BEGIN

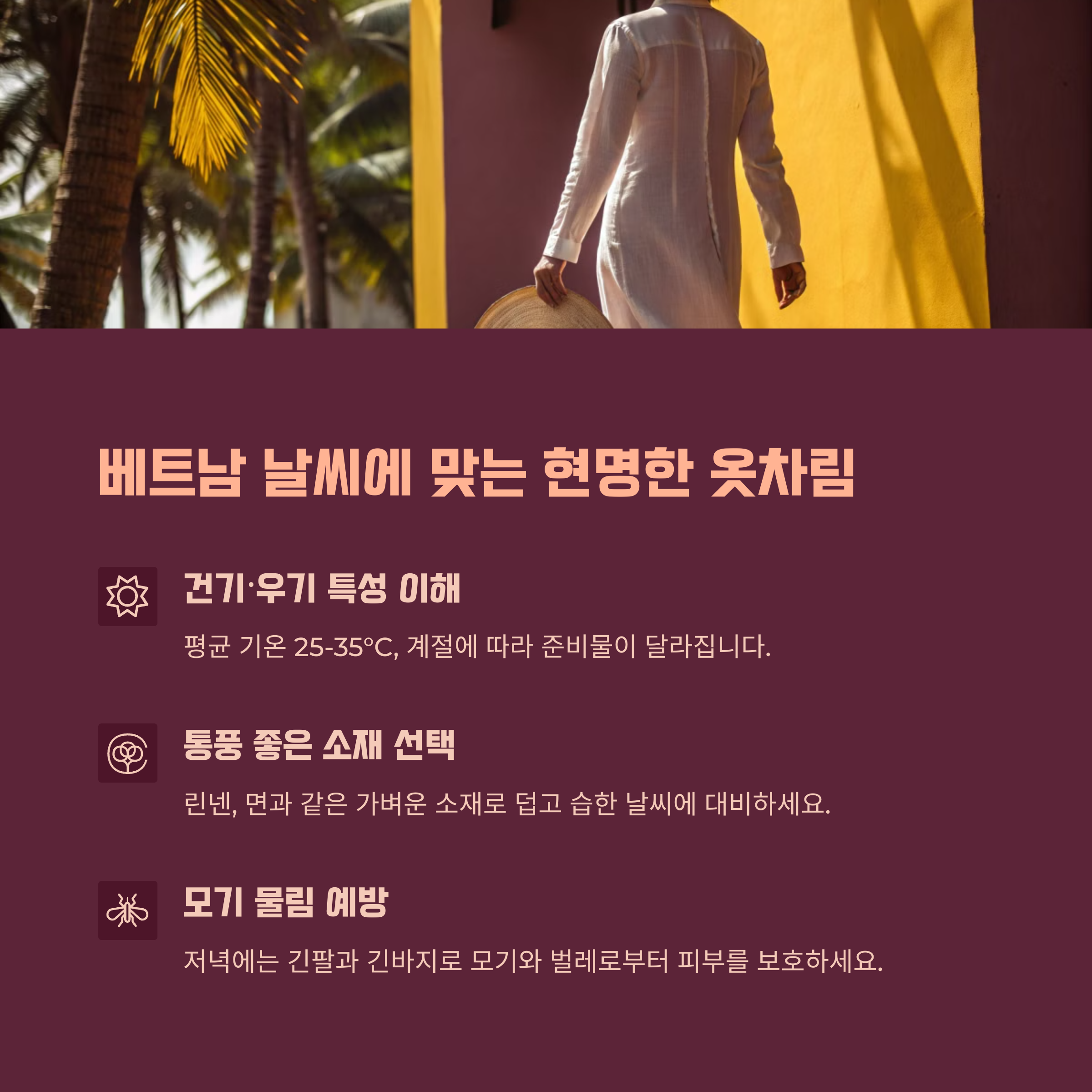 베트남은 고온다습한 기후 덕분에 땀이 많고 햇빛이 강한 나라입니다. 그만큼 현지 여행을 준비할 때는 선크림, 땀 흡수용 속옷, 얇고 통풍 잘 되는 옷을 꼭 챙기셔야 해요. 특히 호찌민, 다낭과 같은 지역은 낮 기온이 35도까지 오르는 경우도 많아, 기초적인 옷차림만으로도 여행의 쾌적함을 크게 좌우합니다. 또한 우기 시즌에는 갑작스러운 소나기가 자주 내리기 때문에 휴대용 우산이나 방수 슬리퍼도 유용하게 쓰인답니다.
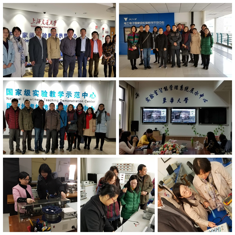 为推进我院实验教学与改革、信息化建设、大学生双创教育等工作,近日,由肖建副院长带队,电工电子实验教学中心、电子与光学实验教学中心、院创新中心部分教师赴上海交通大学、东华大学、南京理工大学、浙江大学等开展调研学习。我院教师悉心听取各高校电工电子实验中心、工程训练中心负责人在信息化建设、实验教学改革等方面的经验报告。肖建副院长也介绍了我院近年来在实验室建设和大学生创新创业等方面工作取得的成绩和对诸多问题的思考,希望通过相互交流,借鉴各高校的先进做法,进一步创新思路,拓展方法。教师们参观了各高校的实验室,和各高校同仁还就实验室管理、实验教学、学科竞赛等方面开展开了深入交流。
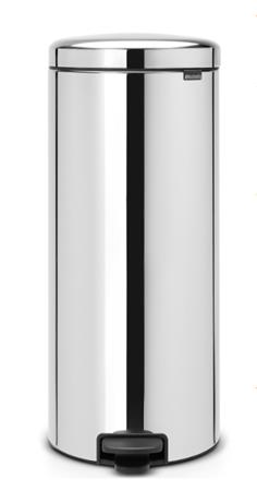 Inox, fém színű, gyors pedálos működtetésű tűzálló szemetes.
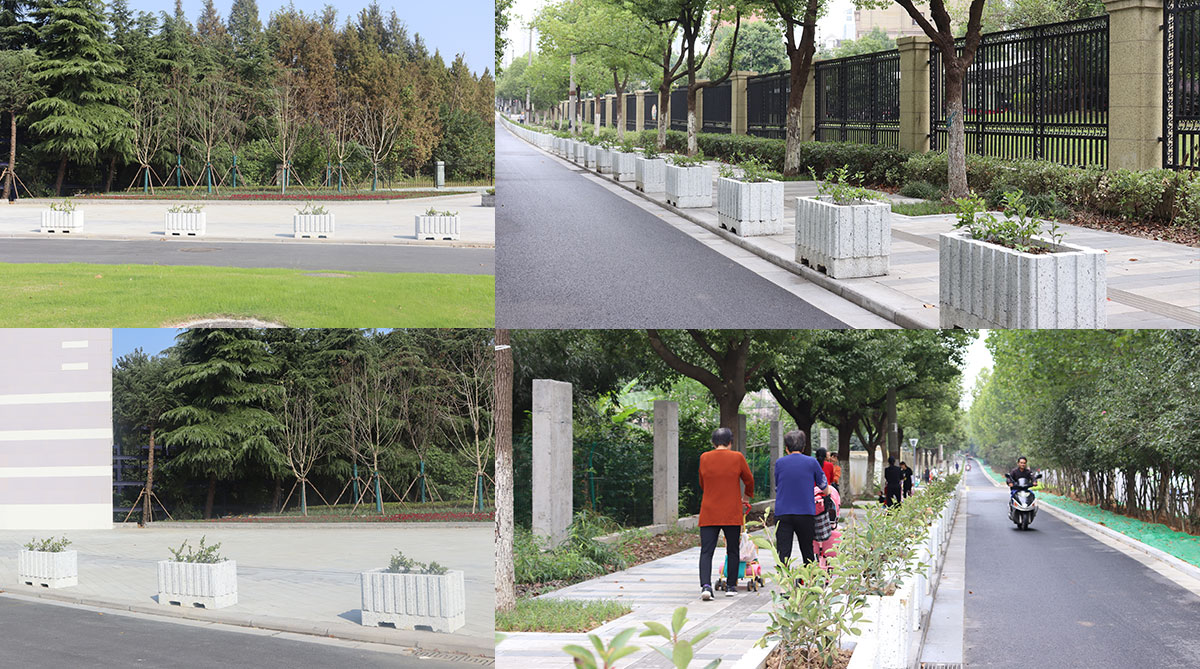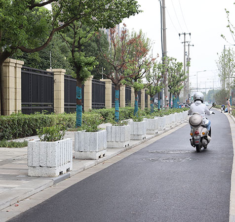 仿石材花箱式人行道隔離設(shè)施,不僅可防止車輛進入人行道破壞人行道板磚和路側(cè)石等市政設(shè)施,而且花箱內(nèi)綠植又增加了道路綠化量,提升了道路的景觀性,達到了實用性與美觀性相結(jié)合的雙重效果。宏路仿石材花箱采用機壓式特殊制作工藝,比以往木質(zhì)、鐵質(zhì)、鋁質(zhì)、PVC等材質(zhì)的花箱,透氣性和透水性更好,植物生長更為旺盛。

END

(Exercise goal) Leave every image out when you return the material above word for word.

(Completed task)
 베트남은 고온다습한 기후 덕분에 땀이 많고 햇빛이 강한 나라입니다. 그만큼 현지 여행을 준비할 때는 선크림, 땀 흡수용 속옷, 얇고 통풍 잘 되는 옷을 꼭 챙기셔야 해요. 특히 호찌민, 다낭과 같은 지역은 낮 기온이 35도까지 오르는 경우도 많아, 기초적인 옷차림만으로도 여행의 쾌적함을 크게 좌우합니다. 또한 우기 시즌에는 갑작스러운 소나기가 자주 내리기 때문에 휴대용 우산이나 방수 슬리퍼도 유용하게 쓰인답니다.
 为推进我院实验教学与改革、信息化建设、大学生双创教育等工作,近日,由肖建副院长带队,电工电子实验教学中心、电子与光学实验教学中心、院创新中心部分教师赴上海交通大学、东华大学、南京理工大学、浙江大学等开展调研学习。我院教师悉心听取各高校电工电子实验中心、工程训练中心负责人在信息化建设、实验教学改革等方面的经验报告。肖建副院长也介绍了我院近年来在实验室建设和大学生创新创业等方面工作取得的成绩和对诸多问题的思考,希望通过相互交流,借鉴各高校的先进做法,进一步创新思路,拓展方法。教师们参观了各高校的实验室,和各高校同仁还就实验室管理、实验教学、学科竞赛等方面开展开了深入交流。
 Inox, fém színű, gyors pedálos működtetésű tűzálló szemetes.
 仿石材花箱式人行道隔離設(shè)施,不僅可防止車輛進入人行道破壞人行道板磚和路側(cè)石等市政設(shè)施,而且花箱內(nèi)綠植又增加了道路綠化量,提升了道路的景觀性,達到了實用性與美觀性相結(jié)合的雙重效果。宏路仿石材花箱采用機壓式特殊制作工藝,比以往木質(zhì)、鐵質(zhì)、鋁質(zhì)、PVC等材質(zhì)的花箱,透氣性和透水性更好,植物生長更為旺盛。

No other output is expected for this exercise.